Your Mind and Your Money: Hyperbolic Discounting

Welcome once again to our continuing discussion of how your insane brain is costing you money.  You might think I’m exaggerating, but as we’ve seen already this week, there are a number of ways you brain doesn’t think entirely logically about money and investing.  One way that is particularly harmful to your investing and saving motivation is:

Hyperbolic Discounting

In its simplest form, hyperbolic discounting is an overemphasis of the old adage, ‘A bird in hand is worth two in the bush’.  When given the opportunity to have a relatively small amount now or delay our gratification for period of time and get a much higher amount of money, many people choose to take the smaller amount immediately.  The most commonly cited research (Green et al. 1994) shows that if people are given the choice between $50 today or $100 a year from now, most people will choose the $50 dollars today, in spite of the fact that the $100 will almost certainly still be worth more a year from now.

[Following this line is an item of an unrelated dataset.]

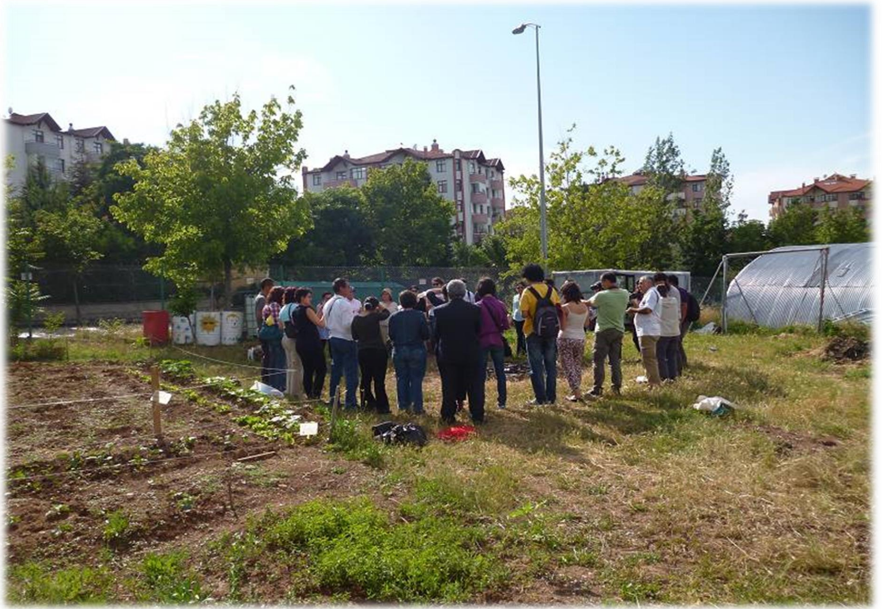
Bostan da Tanışma ve Açılış Etkinliği

Interestingly, that same research found that if there was increased distance put between both rewards, if we are looking at the choice between $50 in five years or $100 in six years, most people will opt for the more financially beneficial option, choosing $100 in six years.  This is part of the ‘hyperbolic’ aspect of our mental process; there’s a much sharper drop off in perceived value in the near future (today vs. one year from now) than there is more distantly in the future (five vs. six years), even if the time period between the two events is the same.  (Besides showing the underlying false logic behind this process, it also illustrates a point we’ll use to make more logical decisions in the future.)

Hyperbolic Discounting Examples

-Most importantly for a blog about investing and saving, hyperbolic discounting causes people to value their current spending more than their future wealth.  As a result, given the choice between spending more today and investing more for tomorrow, most will opt for the former.

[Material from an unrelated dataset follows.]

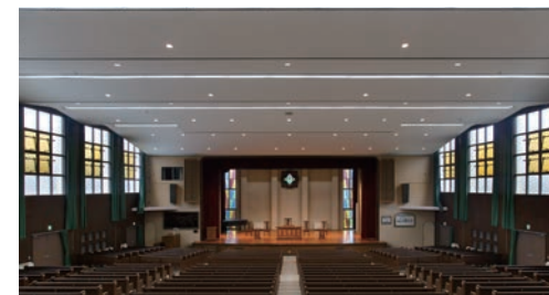
天井材:ロックウール化粧吸音板 ダイロートン スーパーワイド直張 トラバーチン 耐震天井工法:ダイケンハイブリッド天井

-Discounting future payments also causes people to opt for lump sum payments rather than defined periodic benefits, even if the defined benefits are much higher than the lump sum.  (I understand that there can be circumstances beyond the relative values of each type of payment that determine which method someone would prefer; this comment is more about people who look at $20,000 per year for 15 years vs. $100,000 immediately, and opt for the $100,000 without a reason other than it being a higher amount.)

-Opting to skip school or further training for an immediate job.  While it allows you to start earning money sooner, you’ll earn less over your lifetime than with more formal education; hyperbolic discounting of your future earnings potential strikes again.

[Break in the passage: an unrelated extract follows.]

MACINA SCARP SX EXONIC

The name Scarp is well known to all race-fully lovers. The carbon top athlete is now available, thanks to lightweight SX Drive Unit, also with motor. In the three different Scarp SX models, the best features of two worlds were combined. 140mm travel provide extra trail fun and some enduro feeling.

Beating Hyperbolic Discounting

Remember how I told that when viewing the options several years in the future, people made the more logical choice?  That’s probably your greatest defense against hyperbolic discounting: put some distance between you and any of the options, so you don’t let the desire for immediate gratification overwhelm your common sense.  It might seem like a tough choice between spending money now and investing for the future, but imagine that you can’t use the money for a year; do you think you’ll still want to spend it?  If not, why do you want to spend it now?

Investing goes much the same way; it’s easy to rationalize putting it off until you’re older, or keeping the amount you invest as small as possible, but that leads to delays or avoidance of investing altogether.  Instead, try to take a longer term view, and look at what you could potentially have when it’s time to retire.  Would you rather have $1.9 million or $2.9 million in forty years?  (The difference between investing $4000 and $6000, respectively, and earning a 10% during that time period.)  How about choosing between $1.1 million and $2.9 million at retirement?  (The difference between starting to invest $6000 a year at 35 vs 25 years old, respectively.)  When you run some numbers to see your future net worth potential, it’s easier to see how relatively small sacrifices now can yield big returns in the future.

There, you know have a few mental tools to help you cope with hyperbolic discounting; the key is to try to repress the natural desire for immediate gratification and instead focus on the long term.  If you get skillful enough at doing so, you should be able to avoid the problems of hyperbolic discounting without any problem at all.